What you are asked to do — Output nothing but the lines from the beginning of the listing below through the line containing "Elena Mora Hola", exactly as they stand, without pictures.

Dataset section —
---+---
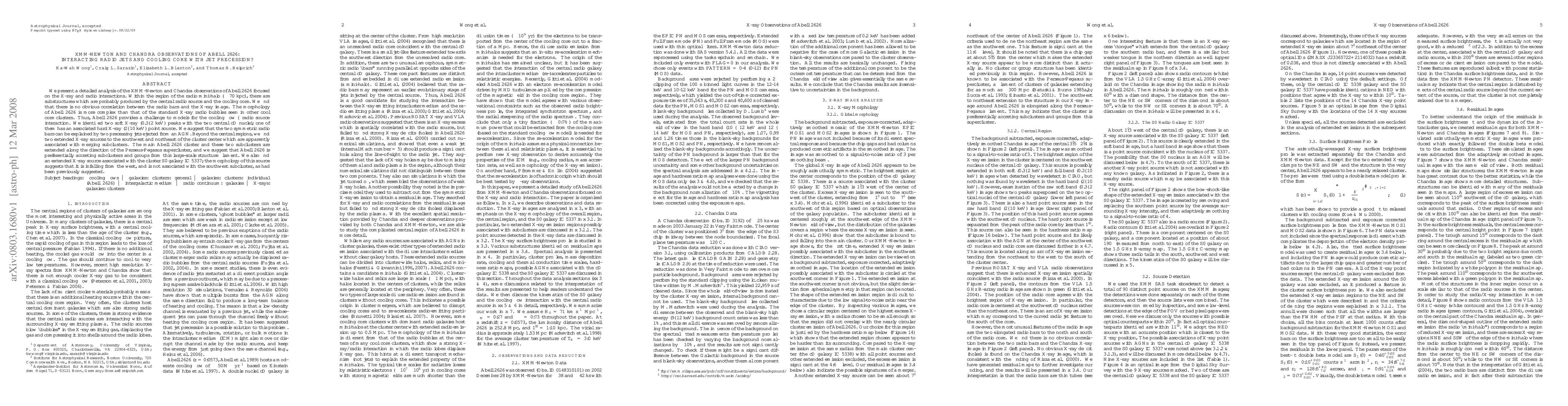 Researchers analyzed XMM-Newton and Chandra observations of Abell 2626 to study its complex interactions between radio jets, a cooling core, and surrounding galaxy clusters.
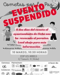 Elena Mora Hola a tod@s, Desafortunadamente nos han impedido oficialmente llevar a cabo este evento solidario, familiar y por la paz. La causa es que a dos días del evento, el ayuntamiento de Elche nos ha revocado el permiso, a pesar de que ya lo teníamos aprobado desde enero, siendo el mismo evento que tuvimos […]
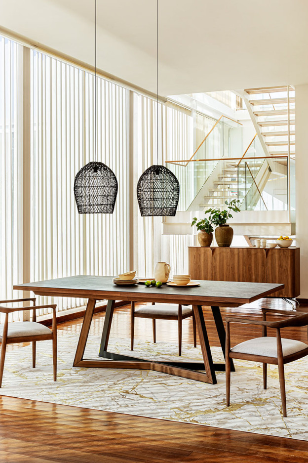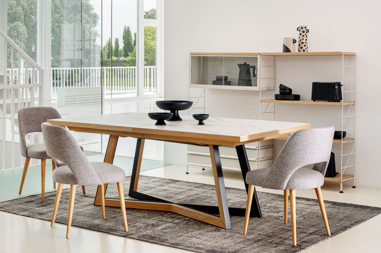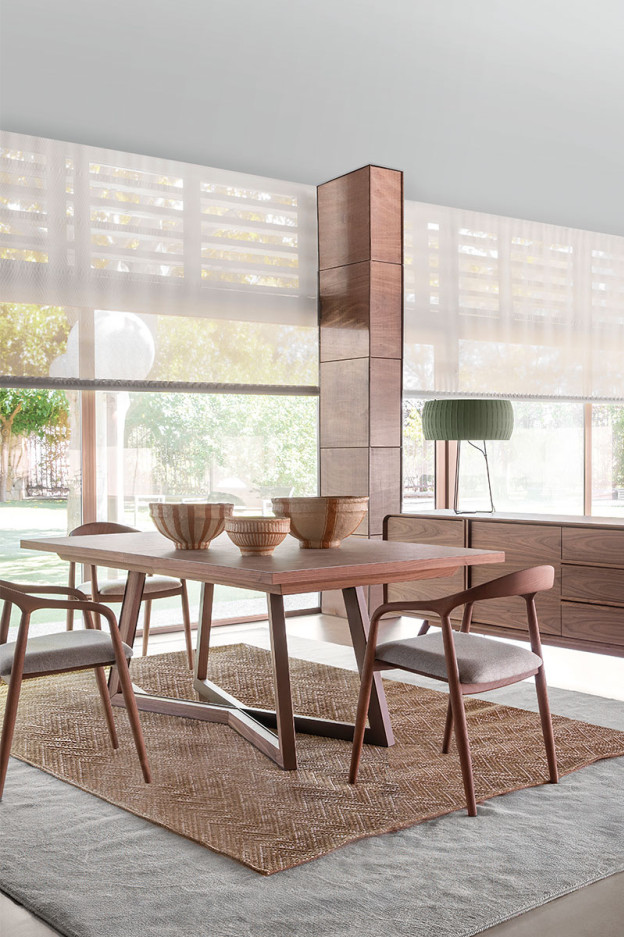 Nuestra mesa de comedor Mar es elegante y sofisticada con pata mixta de madera de roble o nogal y metal. El sobre de nuestra mesa Mar es de madera chapada en roble, nogal, puede ser lacada en varios colores o cerámico en varios acabados, para que puedas crearla combinándola a la perfección con la decoración de tu hogar.
---+---
Reply —
 Researchers analyzed XMM-Newton and Chandra observations of Abell 2626 to study its complex interactions between radio jets, a cooling core, and surrounding galaxy clusters.
 Elena Mora Hola a tod@s, Desafortunadamente nos han impedido oficialmente llevar a cabo este evento solidario, familiar y por la paz. La causa es que a dos días del evento, el ayuntamiento de Elche nos ha revocado el permiso, a pesar de que ya lo teníamos aprobado desde enero, siendo el mismo evento que tuvimos […]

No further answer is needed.